Deceive, deny, delay

For decades, oil companies prevented humanity from reversing climate change

Oct 16, 2016 The Kathmandu Post- In 1994—after years of outright lies from the tobacco industry regarding the addictive and harmful properties of cigarettes—the top executives of seven American transnational companies were bought before the American Congress to testify about such deceitful tactics. However, despite an overwhelming consensus among the scientific community on the detrimental effects of smoking, the executives were adamant that there was no reliable proof that cigarettes were dangerous.

The American public was appalled by such blatant lies. The government, for its part, pursued this case and after more than a decade, in 2006, the US courts found the Big Tobacco companies complicit in a 50-year long racketeering enterprise that deliberately misled the public and hid the dangers associated with smoking. In the aftermath, the Big Tobacco was fined $10 billion, removed from international and national negotiation tables and strong laws and regulations against them were adopted.

Big money

Parallel to this old controversy of corporate abuse is a new one: Recently unearthed email evidence shows that ExxonMobil, the world’s largest and most profitable oil company, had first-hand knowledge about climate change as early as 1981—long before the issue entered mainstream discussions.

In 2015, Exxon was investigated after allegations of such deceptive activities were made. Company records obtained subsequently show that Exxon’s executives had been briefed about the potent effects of fossil fuels on the climate by their own scientists. The rich oilmen knew that burning fossil fuels would raise global temperatures. They knew that such change in the climate would threaten many populations and ecosystems. And they knew that in order to avoid such changes to the global climate, mankind had limited time to switch to a less polluting method of energy generation.

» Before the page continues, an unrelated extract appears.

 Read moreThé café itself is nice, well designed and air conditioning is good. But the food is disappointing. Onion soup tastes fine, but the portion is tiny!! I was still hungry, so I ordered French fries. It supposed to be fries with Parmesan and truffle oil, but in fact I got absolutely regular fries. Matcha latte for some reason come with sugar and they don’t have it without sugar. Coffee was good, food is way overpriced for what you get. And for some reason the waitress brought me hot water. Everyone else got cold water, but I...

But Exxon did not care. Despite being among the few with access to such vital information at the time, Exxon decided against sharing this information with the public. Later—even when global warming became a widely accepted phenomenon—Exxon spent over $30 million in the period of 27 years promoting climate change denial.

Exxon hired Public Relations firms for dishonest public outreach and paid millions to politicians, academics and think tanks—strategies straight out of the Big Tobacco playbook—to promote climate denial. It helped found the Global Climate Coalition, which was an alliance of various transnational companies that sought to stop any efforts to curtail the use of fossil fuels. It spent millions lobbying against any market restrictions on fossil fuels. It also had a big hand in the Bush Administration’s decision to not sign the Kyoto Protocol—an international treaty adopted in 1997 to fight global warming.

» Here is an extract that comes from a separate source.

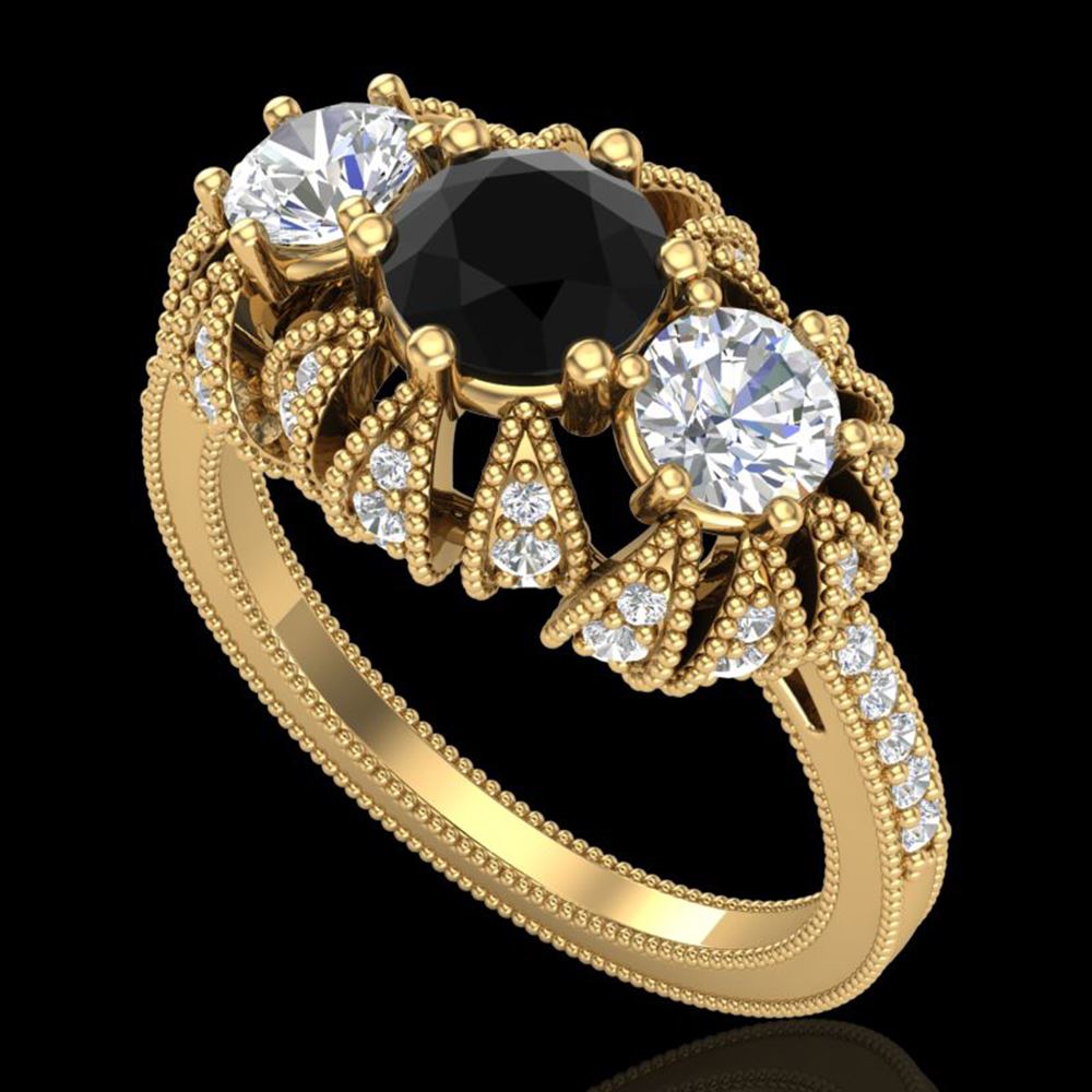 REF-218K2Y - SKU: 37746 ---- 2.26 ctw Fancy Black Diamond Art Deco 3 Stone Ring 18k Yellow Gold

By spending many decades and many millions denying climate change, Exxon, and other complicit Big Oil companies, “robbed humanity of a generation’s worth of time to reverse climate change”, affirms Bill McKibben, the founder of, a global grassroots climate campaign. Meanwhile, at the expense of the planet, Exxon made more than $1.9 trillion, just between 1999 and 2015.

An uphill battle

The crimes of the Big Oil are much bigger than that of the Big Tobacco; their corrupt business models did not only harm a select few but instead jeopardised the future of all life on earth. Today, with increasing evidence of such deception—even as poor nations and economies struggle to survive the harsh impacts of climate change—governments and citizens from all over the world are taking a stand against such corporate abuse.

This July, for example, the Commission of Human Rights of Philippines (CHR), a constitutional body that investigates cases of human rights violation, accused 47 ‘carbon majors’ including Shell, BP and Chevron of robbing people’s fundamental rights to “life, food, water, sanitation, adequate housing, and to self-determination”. Being extremely vulnerable to climate change, the Philippines has witnessed a rising frequency and intensity of super-cyclones, floods and heatwaves in the past decade and with this an increased loss of lives and livelihoods. Taking this into account, the CHR demanded an explanation as to how these

companies plan to eliminate, remedy and prevent such violations from occurring in the future.

Zelda Soriano, an advisor to Greenpeace Southeast Asia, one of the groups that bought this issue to the CHR’s attention, says that such actions help establish moral and legal precedence to hold polluters accountable. “From the Netherlands to the US, people are using legal systems to hold their governments to account and demand climate action,” she says.

Such momentum that is gathering against corporate polluters today demands that the Big Oil—and other polluting industries—divest themselves of their polluting business models and compensate those who have fallen victim to climate change. Mr McKibben says that the pariah

status of Big Oil is growing: “The fossil-fuel industry remains incredibly strong—they are super-rich—but they are not as invincible as they thought they were.”

Given their political and monetary muscle, the fight against the Big

Oil is not likely to be over anytime soon. But until the fossil fuel industry is held legally and financially accountable—just as the Big Tobacco was—for all their climate crimes, the world has to maintain an unrelenting perseverance and diligence. No industry should be able to get away with deliberately lying about the risks associated with their products, especially when such lies put the fate of the entire human race in jeopardy.